TO DO:
Reproduce the data in full, exactly as given, leaving images out.

DATASET EXTRACT:
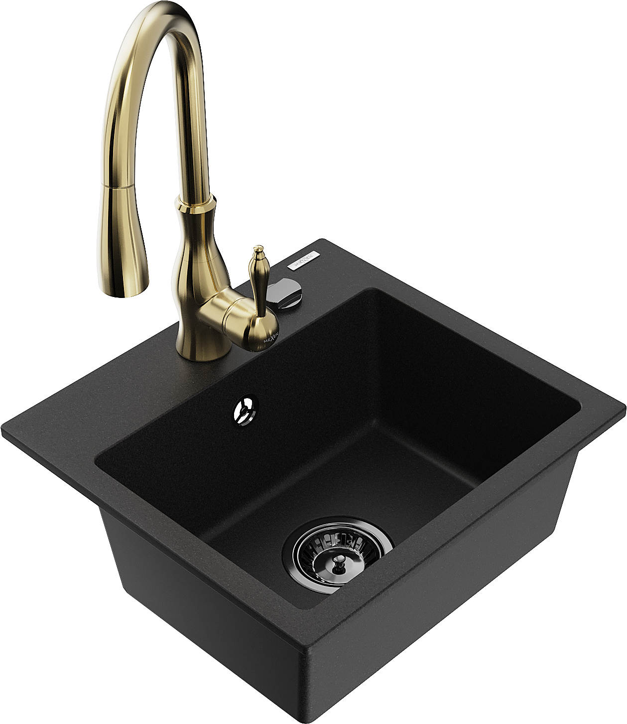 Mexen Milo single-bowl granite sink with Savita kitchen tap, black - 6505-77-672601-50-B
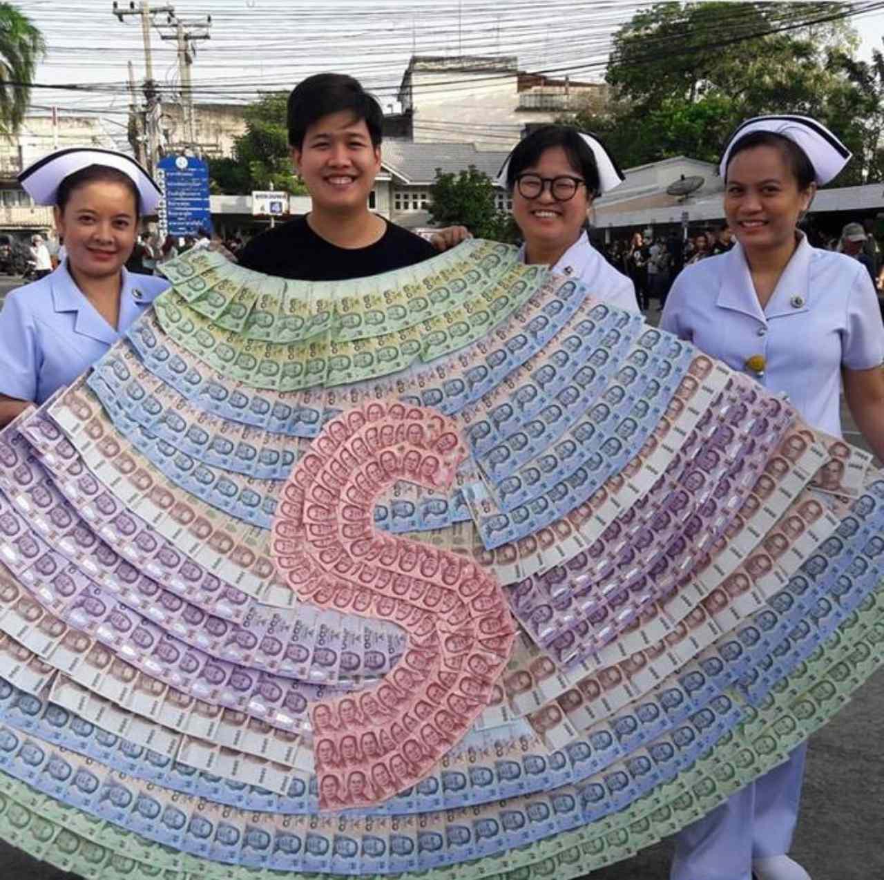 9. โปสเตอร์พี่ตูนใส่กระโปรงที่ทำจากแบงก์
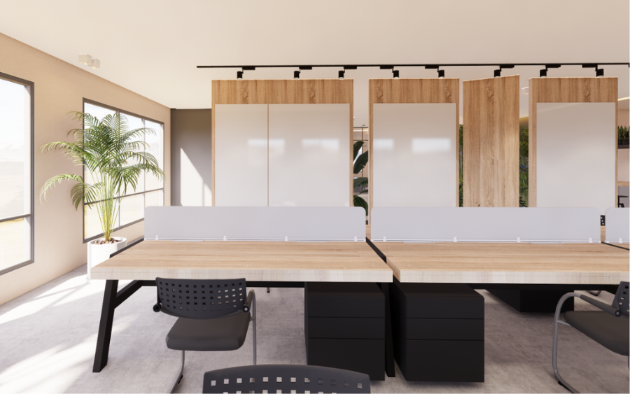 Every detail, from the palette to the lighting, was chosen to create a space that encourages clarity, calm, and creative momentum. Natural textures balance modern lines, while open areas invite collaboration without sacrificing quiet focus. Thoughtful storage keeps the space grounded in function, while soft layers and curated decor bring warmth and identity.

RESPONSE:
 Mexen Milo single-bowl granite sink with Savita kitchen tap, black - 6505-77-672601-50-B
 9. โปสเตอร์พี่ตูนใส่กระโปรงที่ทำจากแบงก์
 Every detail, from the palette to the lighting, was chosen to create a space that encourages clarity, calm, and creative momentum. Natural textures balance modern lines, while open areas invite collaboration without sacrificing quiet focus. Thoughtful storage keeps the space grounded in function, while soft layers and curated decor bring warmth and identity.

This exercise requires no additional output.